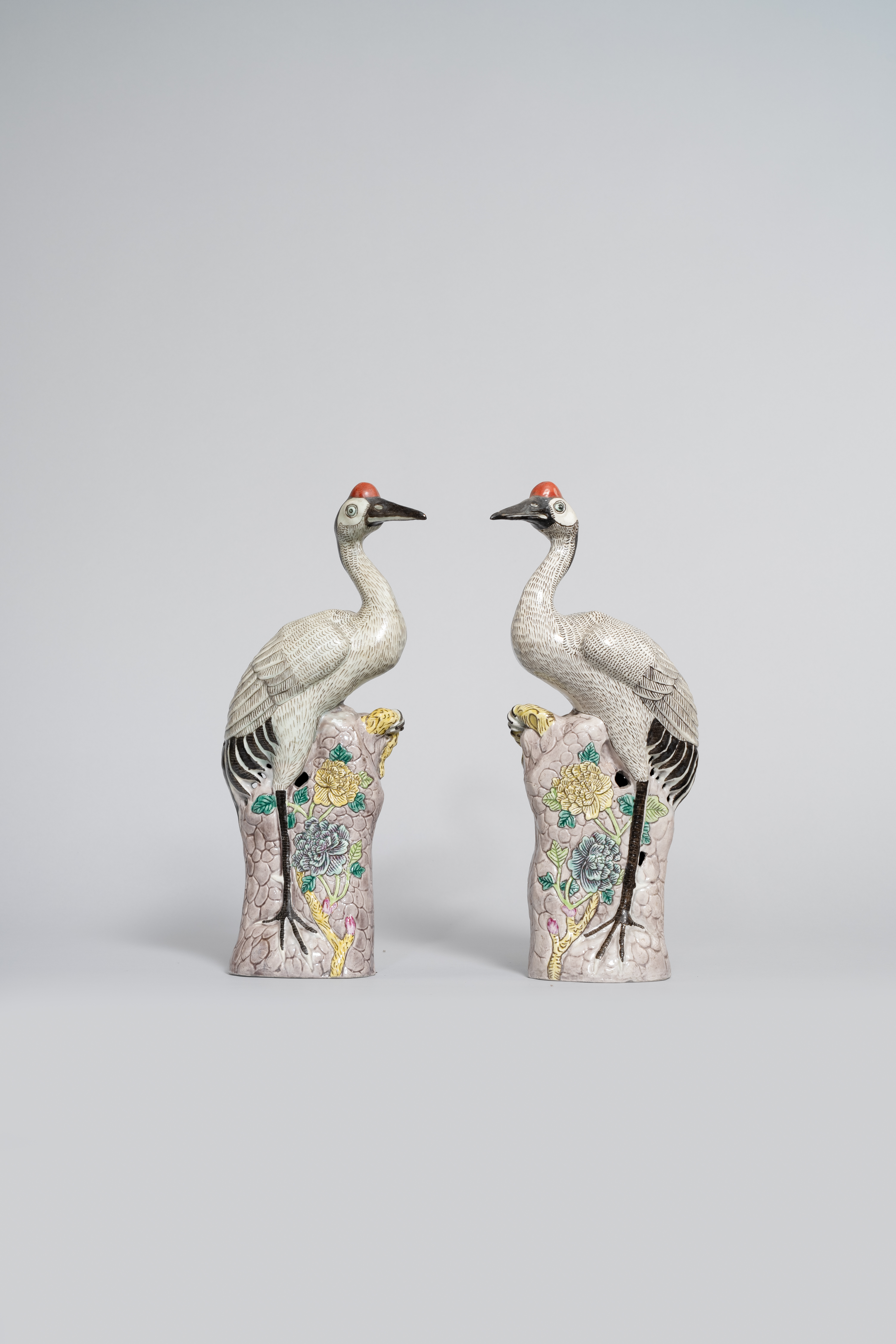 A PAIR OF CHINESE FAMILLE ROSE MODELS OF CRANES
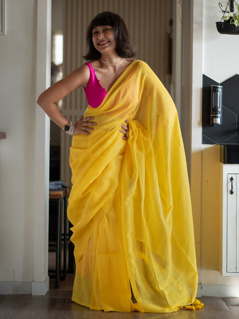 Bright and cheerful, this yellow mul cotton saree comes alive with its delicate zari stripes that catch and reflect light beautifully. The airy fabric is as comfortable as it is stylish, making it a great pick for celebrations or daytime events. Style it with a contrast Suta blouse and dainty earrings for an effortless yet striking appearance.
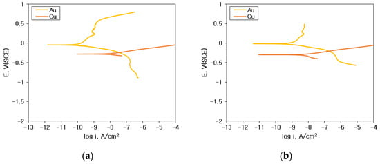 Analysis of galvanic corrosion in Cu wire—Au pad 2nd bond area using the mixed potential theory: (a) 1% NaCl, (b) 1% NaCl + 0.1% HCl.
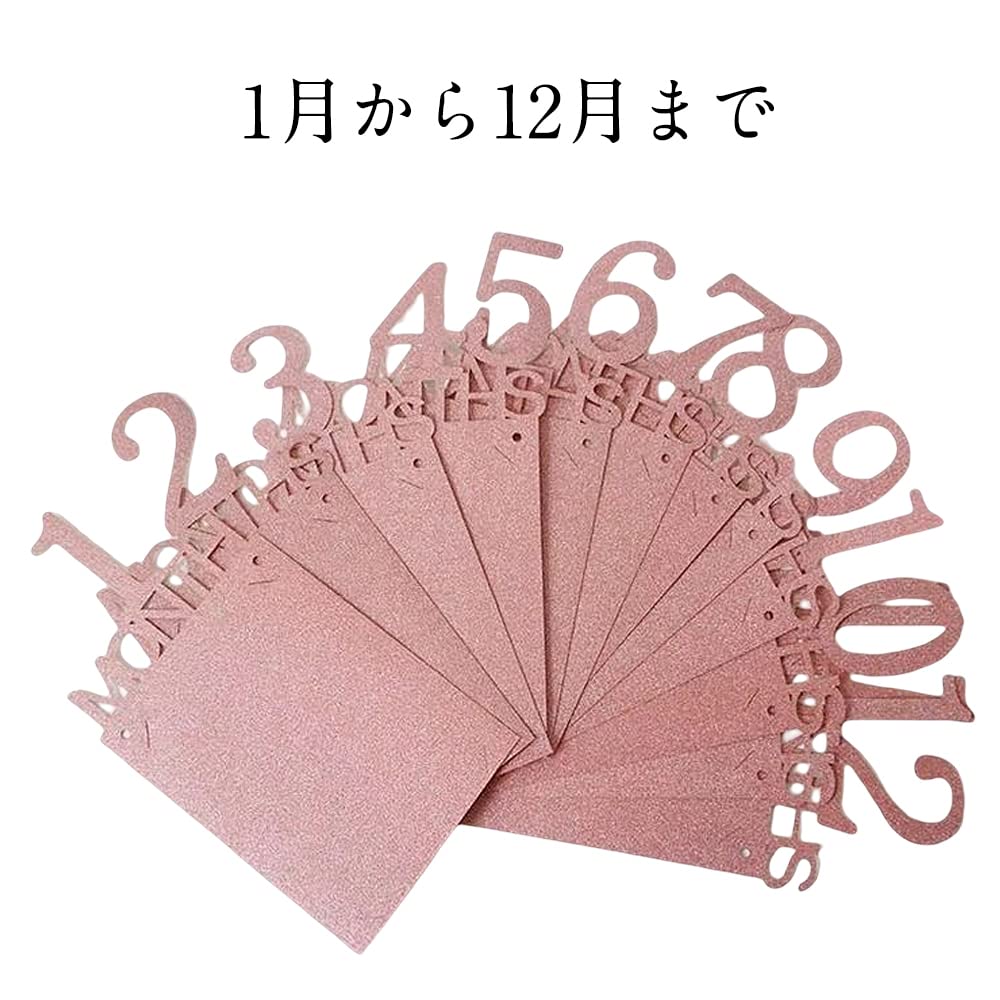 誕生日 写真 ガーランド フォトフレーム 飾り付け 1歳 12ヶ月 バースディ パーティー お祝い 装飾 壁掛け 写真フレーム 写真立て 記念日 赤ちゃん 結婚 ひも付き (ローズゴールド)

#### AIM OF THE EXERCISE
The lines above should be transcribed exactly, with every image removed.

#### RESULT OF THE EXERCISE
 A PAIR OF CHINESE FAMILLE ROSE MODELS OF CRANES
 Bright and cheerful, this yellow mul cotton saree comes alive with its delicate zari stripes that catch and reflect light beautifully. The airy fabric is as comfortable as it is stylish, making it a great pick for celebrations or daytime events. Style it with a contrast Suta blouse and dainty earrings for an effortless yet striking appearance.
 Analysis of galvanic corrosion in Cu wire—Au pad 2nd bond area using the mixed potential theory: (a) 1% NaCl, (b) 1% NaCl + 0.1% HCl.
 誕生日 写真 ガーランド フォトフレーム 飾り付け 1歳 12ヶ月 バースディ パーティー お祝い 装飾 壁掛け 写真フレーム 写真立て 記念日 赤ちゃん 結婚 ひも付き (ローズゴールド)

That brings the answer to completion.